Surgical Tool Would Reduce Scarring, Trauma

A team of University of Cincinnati students has reached the top levels of two national competitions designed to find the best new medical devices in the nation's universities.

A team of University of Cincinnati students has reached the top levels of two national competitions designed to find the best new medical devices in the nation’s universities.

Members of the Single Port Solutions team placed in the final round of the 2009 American Society of Mechanical Engineers Innovation Showcase. They also placed among the top three teams in the BMEidea competition, sponsored by National Collegiate Investors and Innovators and the National Science Foundation.

The competition requires students to show their products are innovative and commercially feasible. If they win, they receive seed money to commercialize their device. UC’s team will travel from New York City to California in early June to present its work and accept its awards.

The UC team’s device, a single port laparoscopic access tool, allows surgeons to perform common laparoscopic surgeries with one entry point—located in the belly, which would decrease the risk of herniation from cuts in the abdominal wall,

Those surgeries are usually done through four or five entry points, said team leader and student Michael Wirtz.

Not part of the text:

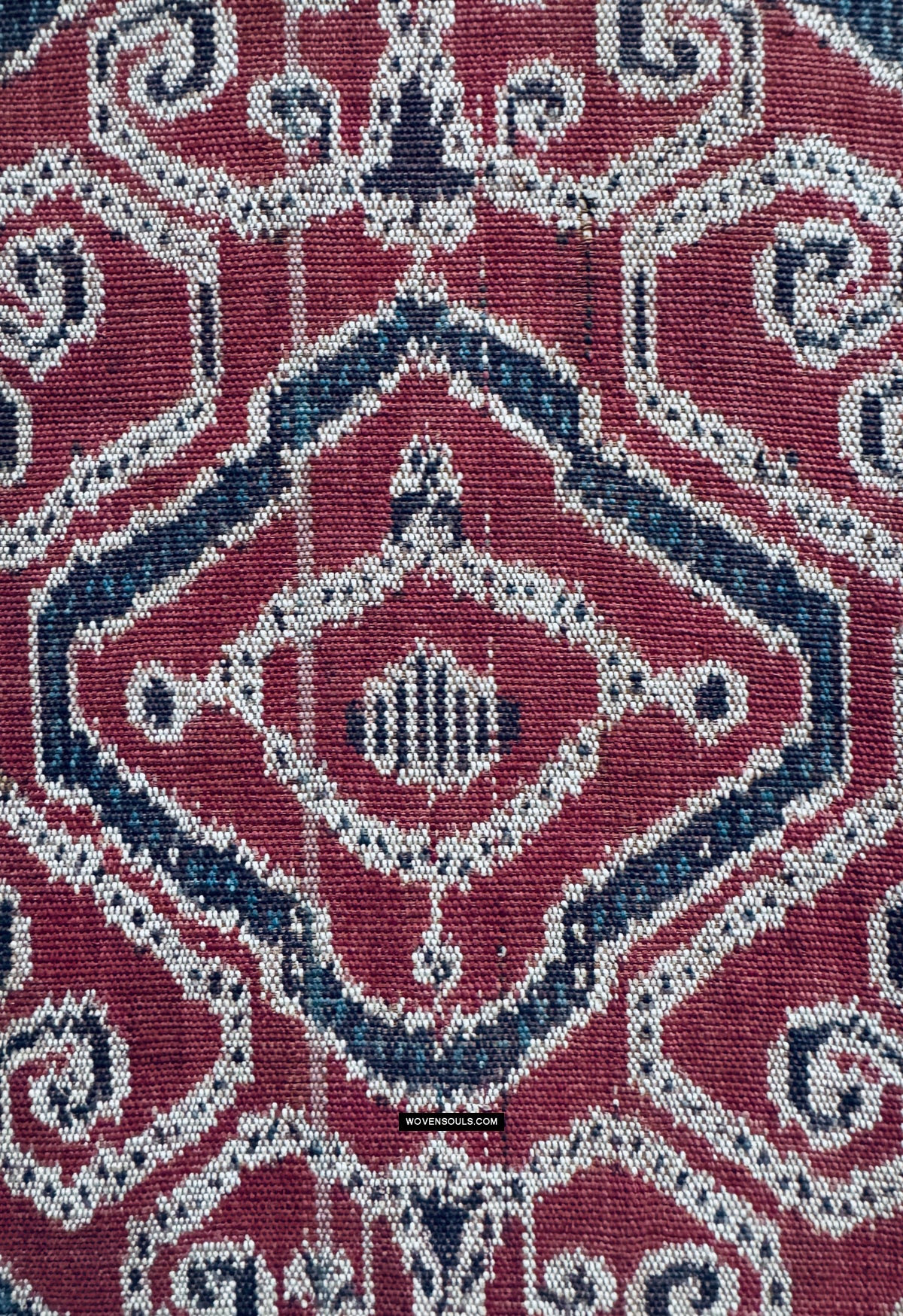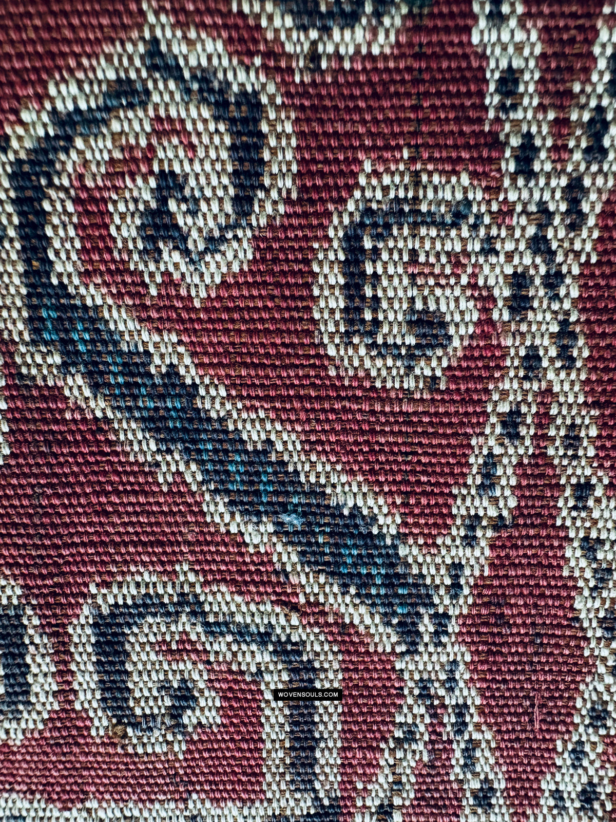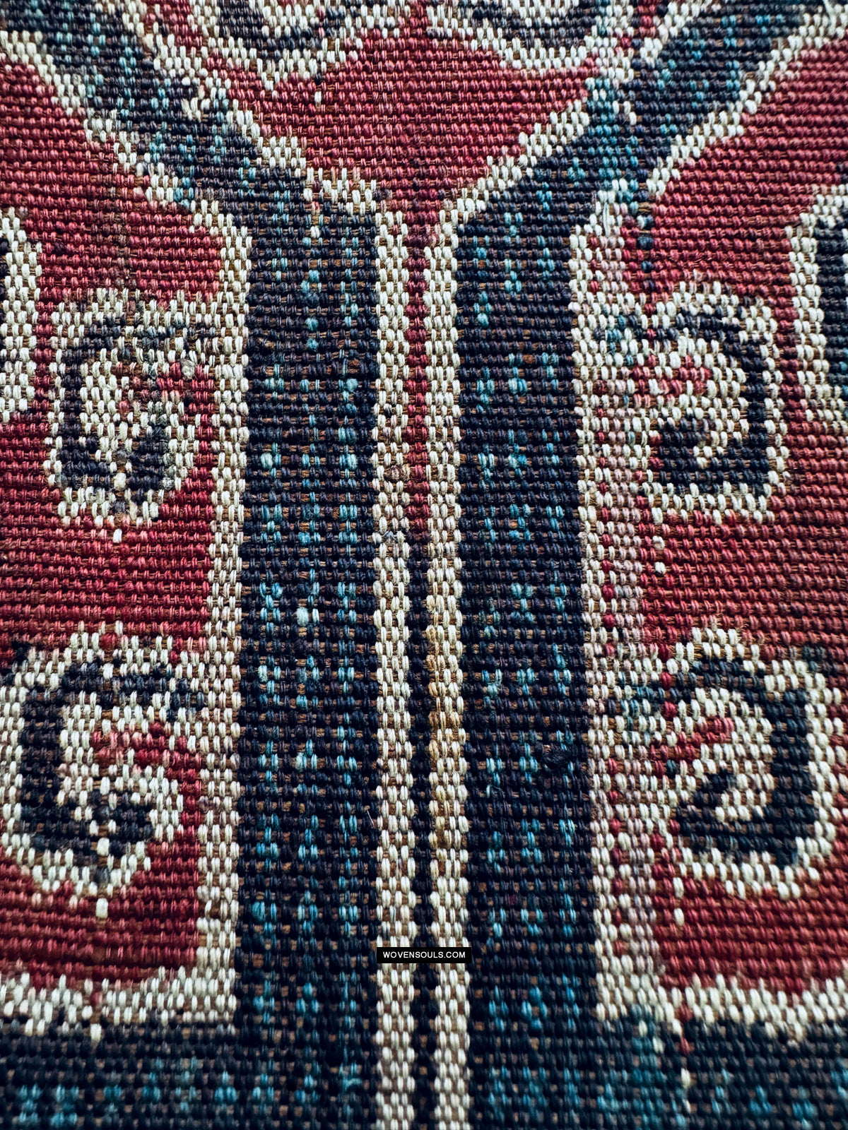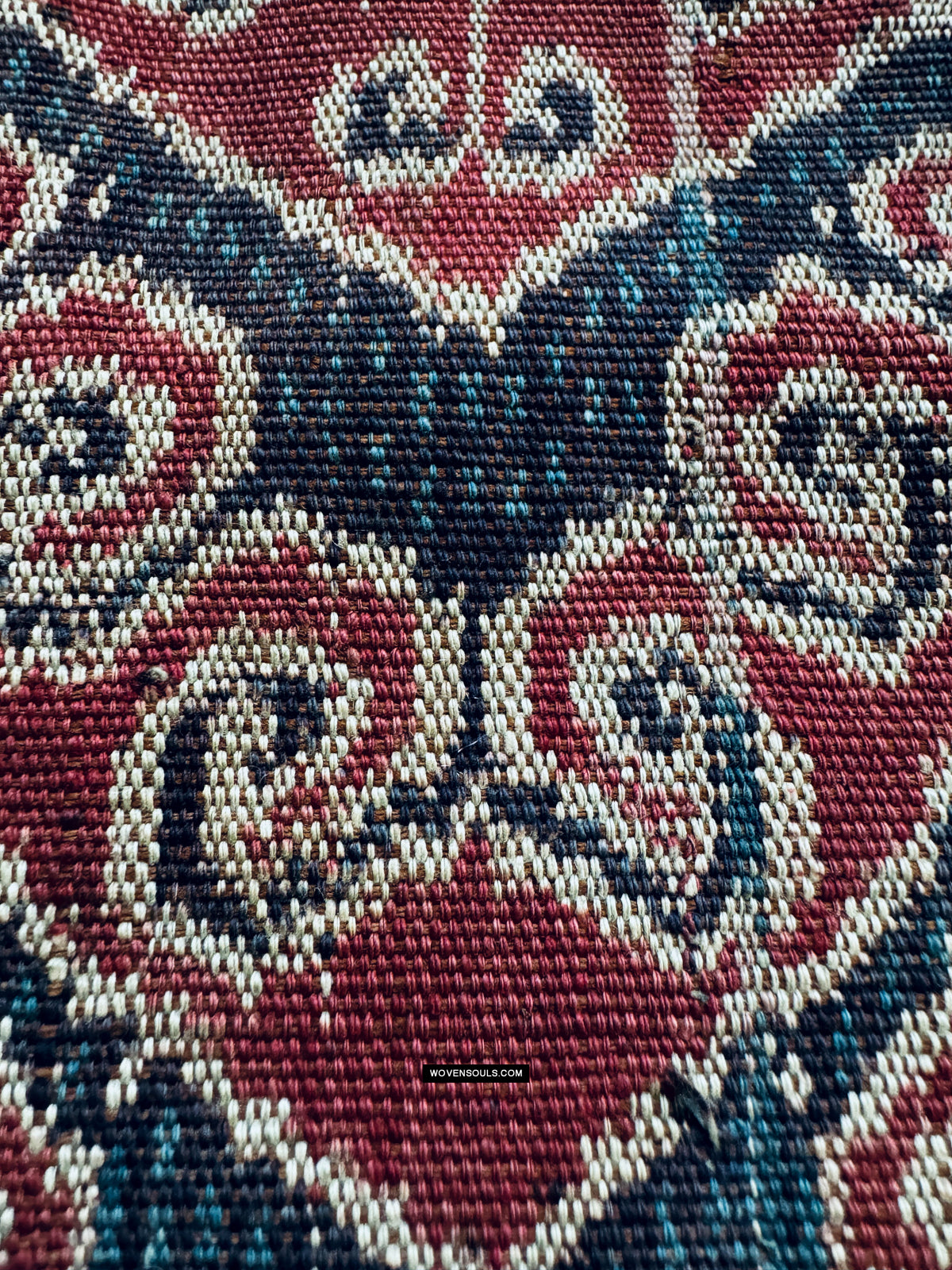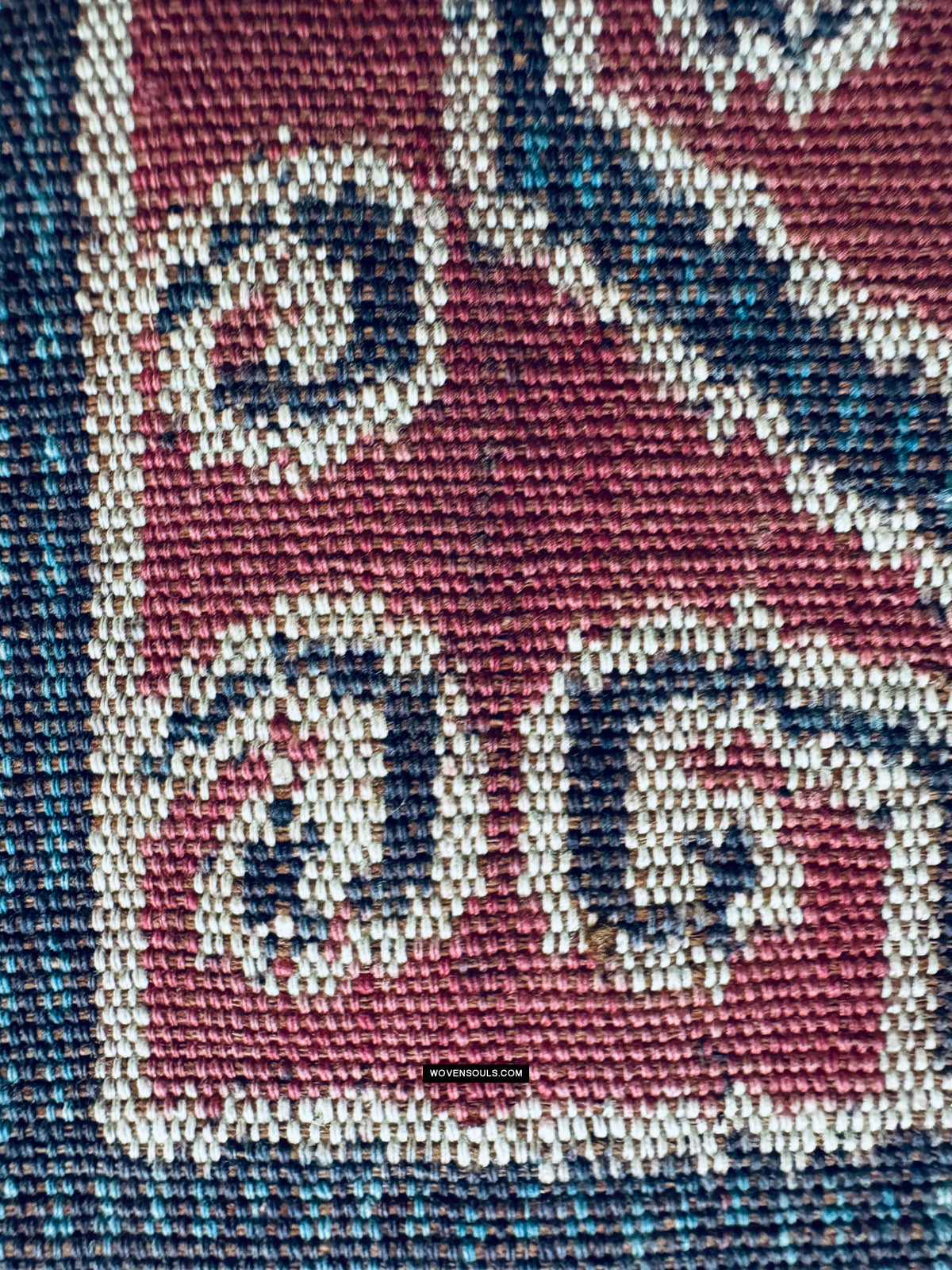 - Nota i piccoli "grani di riso" blu che fungono da elementi di riempimento all'interno dei spessi bordi neri di ogni esagono. Rendering queste minuscole linee verticali con precisione è il lavoro pf un master weaver

“What our tool does is consolidate all the ports into the access tool,” Wirtz said. “Using our device, the surgeon is able to perform a normal laparoscopic procedure, like a gall bladder removal or appendectomy, through the single port. They’ll still be able to insert all the instruments they need while hiding the scar in the umbilicus—so you have little scarring and it reduces trauma and improves recovery time of the patient.”

The team, part of UC’s Medical Device Innovation & Entrepreneurship Program, includes three senior biomedical engineering students, one graduate student from the College of Design, Architecture, Art and Planning and many faculty advisors.